[Entries taken from a collection]
☆ ☆ ☆ ☆
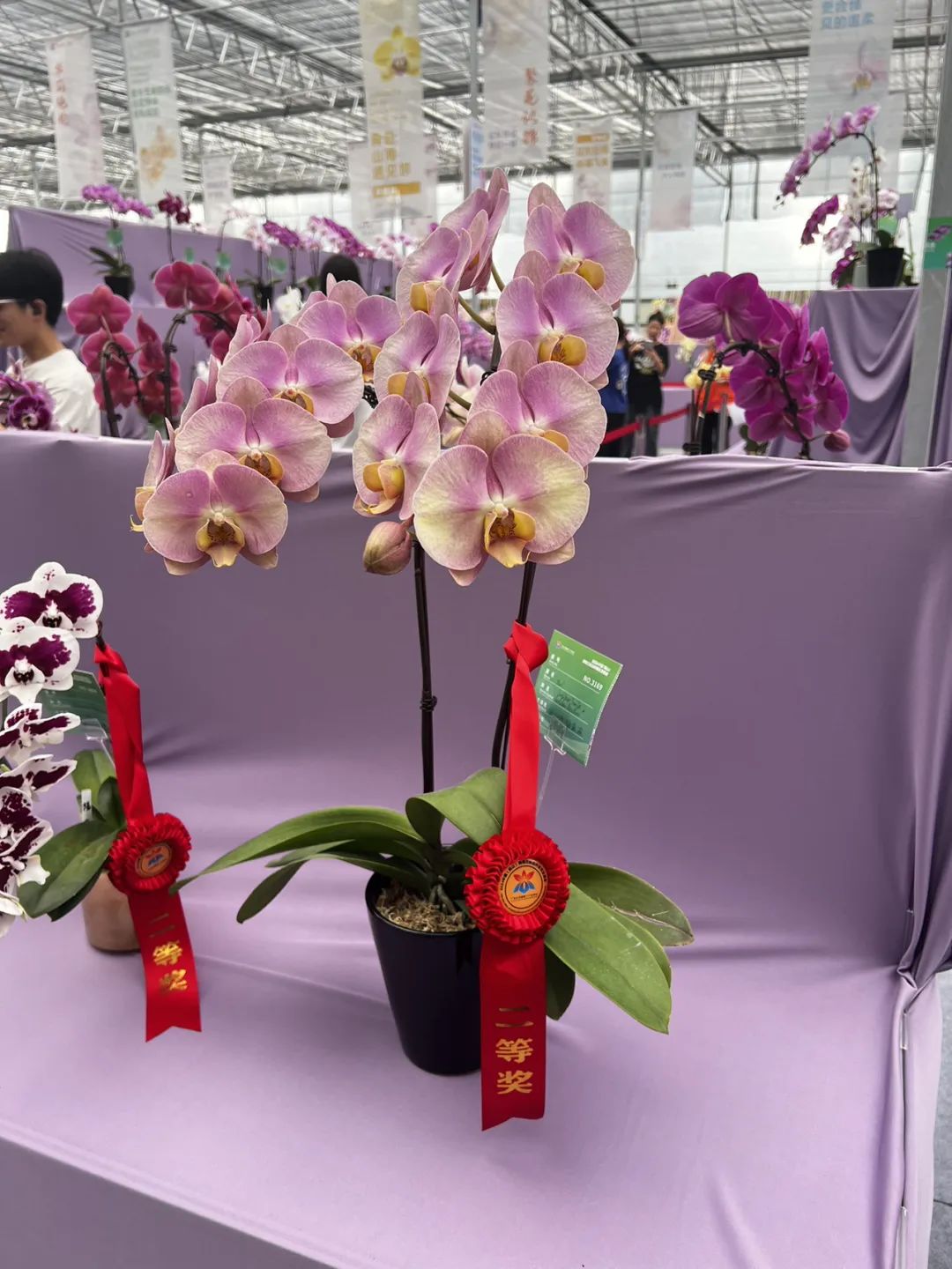 自从知道有这个展之后就想去了,虽然早早在网上看到了关于冠军花的争议,说冠军不好看,但是现场并不止这一盆花,其他花肯定也很好看。去了之后,果然没让人失望。展览在菊花湾农业园的一个展厅里。农业园里有一些兰场,可以买花。展览里的花不售卖。一进来先看到的是安祖公司的出品,实物比网图好看得多。以各大直播间猛猛收花闻名的糖姐也来参展了,有不少好货。大王家的镇馆之宝在展览中得到了珍奇类冠军。有人为了看这颗花专程到佛山~苹果拍部分花有点失真,比如这颗和下面的照片,亮度拉高之后过于饱和了。佛山有这么一片兰场宝地,真不错。希望培育出来的花越来越美,祝销售成绩年年高升!
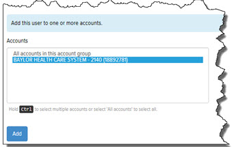 In the Accounts section, select the accounts to which you want to add the User. To select multiple accounts, press Ctrl as you click the desired accounts. Select “All Accounts in this Account Group” if you want to add the User to all accounts.
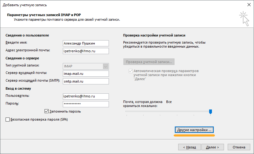 Настройки почты itmo.
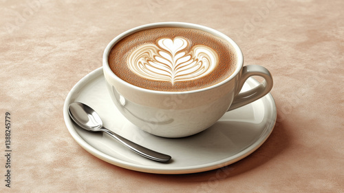 Hot cappuccino placed on a table in a warm-toned coffee shop background
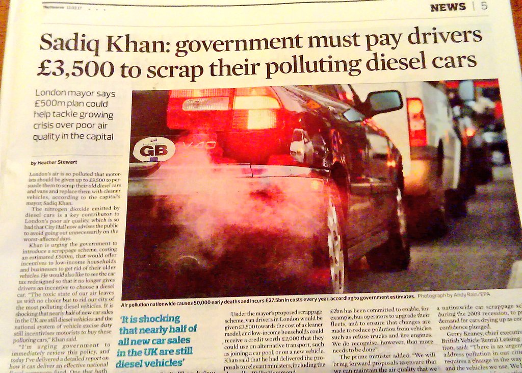 Sadiq Khan: Government must pay drivers £3,500 to ditch diesel carshttp://www.standard.co.uk/news/mayor/sadiq-khan-says-government-must-pay-drivers-3500-to-ditch-diesel-cars-a3464886.html …
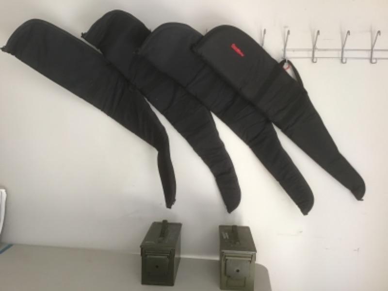G - 686  ( 4 ) Gun Mate Rifle Covers & 2 Vintage Metal Ammo Boxes
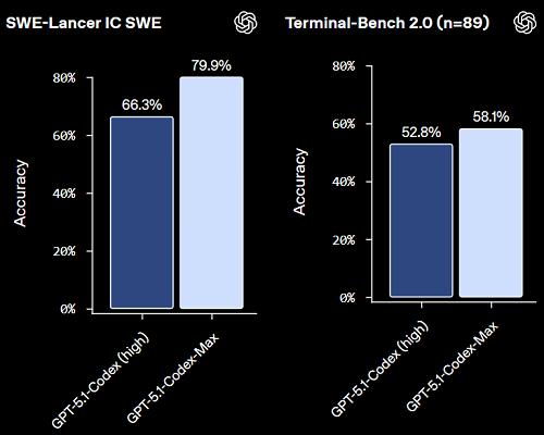 性能方面,GPT‑5.1‑Codex‑Max在多个编程基准测试中评测优于前代GPT‑5.1‑Codex。该模型还是OpenAI训练的首个适用于在Windows环境里进行编程操作的模型。
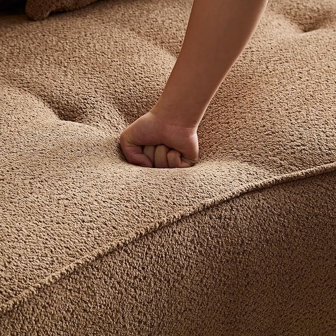 - 【Sturdy Build & High-Density Foam Support】Crafted with a solid wood frame and pocket spring system, this oversized curved sofa ensures lasting durability. The high-density foam filling offers balanced comfort and resilience, making it ideal for daily use and cozy gatherings with loved ones.
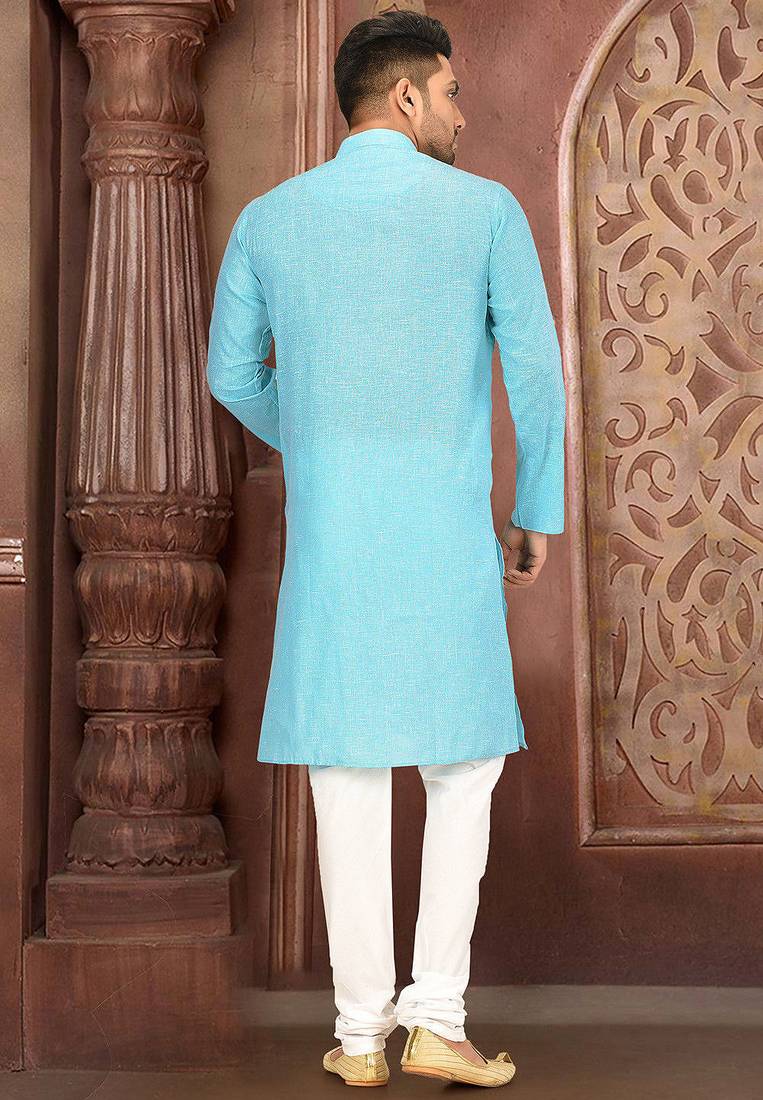 | Product Name | Sky Blue Cotton Kurta With Pattern Work&Wooden Button Churidar | |
☆ ☆ ☆ ☆
WHAT IS REQUIRED
Restate the records above word for word, without the pictures.

WRITTEN RESPONSE
 自从知道有这个展之后就想去了,虽然早早在网上看到了关于冠军花的争议,说冠军不好看,但是现场并不止这一盆花,其他花肯定也很好看。去了之后,果然没让人失望。展览在菊花湾农业园的一个展厅里。农业园里有一些兰场,可以买花。展览里的花不售卖。一进来先看到的是安祖公司的出品,实物比网图好看得多。以各大直播间猛猛收花闻名的糖姐也来参展了,有不少好货。大王家的镇馆之宝在展览中得到了珍奇类冠军。有人为了看这颗花专程到佛山~苹果拍部分花有点失真,比如这颗和下面的照片,亮度拉高之后过于饱和了。佛山有这么一片兰场宝地,真不错。希望培育出来的花越来越美,祝销售成绩年年高升!
 In the Accounts section, select the accounts to which you want to add the User. To select multiple accounts, press Ctrl as you click the desired accounts. Select “All Accounts in this Account Group” if you want to add the User to all accounts.
 Настройки почты itmo.
 Hot cappuccino placed on a table in a warm-toned coffee shop background
 Sadiq Khan: Government must pay drivers £3,500 to ditch diesel carshttp://www.standard.co.uk/news/mayor/sadiq-khan-says-government-must-pay-drivers-3500-to-ditch-diesel-cars-a3464886.html …
G - 686  ( 4 ) Gun Mate Rifle Covers & 2 Vintage Metal Ammo Boxes
 性能方面,GPT‑5.1‑Codex‑Max在多个编程基准测试中评测优于前代GPT‑5.1‑Codex。该模型还是OpenAI训练的首个适用于在Windows环境里进行编程操作的模型。
 - 【Sturdy Build & High-Density Foam Support】Crafted with a solid wood frame and pocket spring system, this oversized curved sofa ensures lasting durability. The high-density foam filling offers balanced comfort and resilience, making it ideal for daily use and cozy gatherings with loved ones.
 | Product Name | Sky Blue Cotton Kurta With Pattern Work&Wooden Button Churidar | |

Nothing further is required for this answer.